ーOOO-花王メリーズの使い心地を、オレがこの手で確かめる…ッ!

 最新鋭のハイテクをフル装備した紙おむつ・花王メリーズは、現在紙おむつのトップシェアを誇っている。
 その基本性能であるところの吸水性に関しては、もはや向かうところ敵無し。よって、目下の開発目標はユーザビリティの向上にある…。前回のレポートでは以上の点についてお伝えした。
 では実際に、紙おむつのユーザビリティの向上はどのように図られているのか?
 花王メリーズの使い心地を、オレがこの手で確かめる…ッ!
 赤ちゃんと、家族の笑顔のために…ッ!
  
 っつーことで、前回の記事に引き続いて、実際に発売当初の花王メリーズと最新のメリーズを並べたりして、あらゆる角度から比較してみたですよ。
 紙おむつには18種類くらいのさまざまな素材が複合的に使われています。
 また新素材の開発だけでなく、形状・デザイン面に関してもさまざまな試みが行われているのです。

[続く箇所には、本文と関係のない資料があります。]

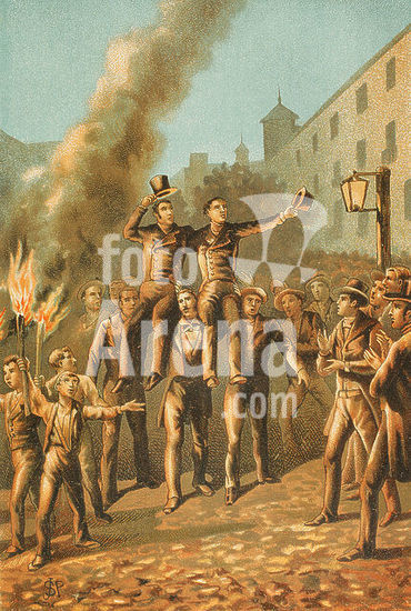 alb5564880 History of Spain. Liberal Triennium (1820-1823). First liberal government of the Triennium (April 1820). The liberal deputies of different factions (moderate and radical) José Canga Argüelles (1771-1842) and Antonio Alcalá Galiano (1789-1865) are carried in triumph by the people of Seville, after a session of the Cortes, held in the church of the Jesuit College of San Hermenegildo. Both politicians had prioritised patriotic sentiment over political party confrontation and were honoured by the people. This is how the revolutionary people responded to the threats of the Holy Alliance. Due to the advance of the Hundred Thousand Sons of Saint Louis, the Cortes moved to Seville (from April to June 1823). Illustration by Serra Pausas. Chromolithography. Historia de la Revolución Española (desde la Guerra de la Independencia a la Restauración en Sagunto), by Vicente Blasco Ibáñez. Volume II. Published in Barcelona, 1891. Author: Joan Serra Pausas (active 1861-1902). Spanish artist.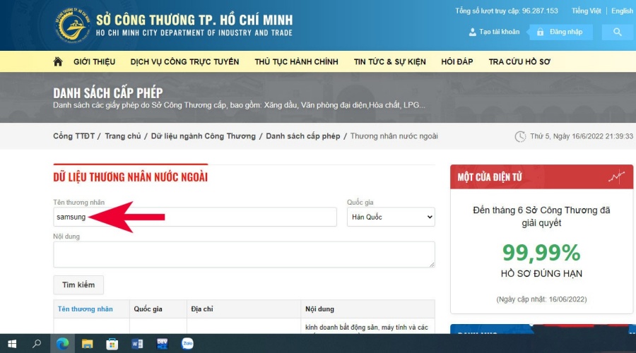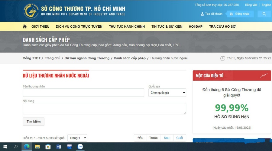 Bước 1: Đầu tiên, bạn truy cập vào trang tìm kiếm của Sở công thương TP. Hồ Chí Minh.

 何がどのように変わったのか? どのように進化したのか?
 そういった部分を、この手で実際に試してみました。

*1 締め付けない! そして蒸れない! 空気トンネルのギャザー

 
 なんだこりゃ? という感じのくしゃくしゃしたモノがありますが、これはメリーズのギャザー部分と同じ素材で出来た腕輪です。
 左側の短いモノが新開発ギャザー、右側の長いものがそれ以前のギャザーです。
 このように側面から見るとどうでしょう?
 左側の新開発ギャザーは見るからにふっくらしています。


 そのハイテクッぷりをこの手で確かめるべく、腕にはめてみました。
 下が新開発ギャザー、上の手首側が従来のギャザーです。
 広がり具合、ゴムの伸び具合はほぼ同一なのですが、締めつけ感が違います。

 1時間たってから、外してみました。
 左が新開発ギャザー、右が従来のギャザーです。
 右側の皮膚は、締め付けられて赤くなっています。
 最初の締めつけ感の印象が間違っていなかったことがわかります。

 この違いは、ゴムと紙(不織布?)の部分の接着の工夫によるものです。
 上の写真をもうちょっと注目してみてください。
 右側の従来のギャザーは、ゴムと不織布を接着してあります。
 左側の新開発ギャザーは、この全面接着をやめました。
 接着はギャザーの両端だけ。
 それ以外の部分は、点状に熱溶着(シール)してくっつけてあります。
 このシールの幅などを上手く工夫することで、肌を締め付けないふわふわしたギャザーが生まれました。

 このふわふわしたギャザーは同時に、通気性の高さをもたらしました。
 ゴムでぴったりと肌に密着した従来のギャザーと比べ、このギャザーはゴムと直行する方向に空気の流れをもたらします。
 新開発ギャザーはふわふわとして締めつけ感が弱く、肌に優しい。それだけでなく、おむつの内部の湿気を逃がすトンネルとしても役立っている、ということです。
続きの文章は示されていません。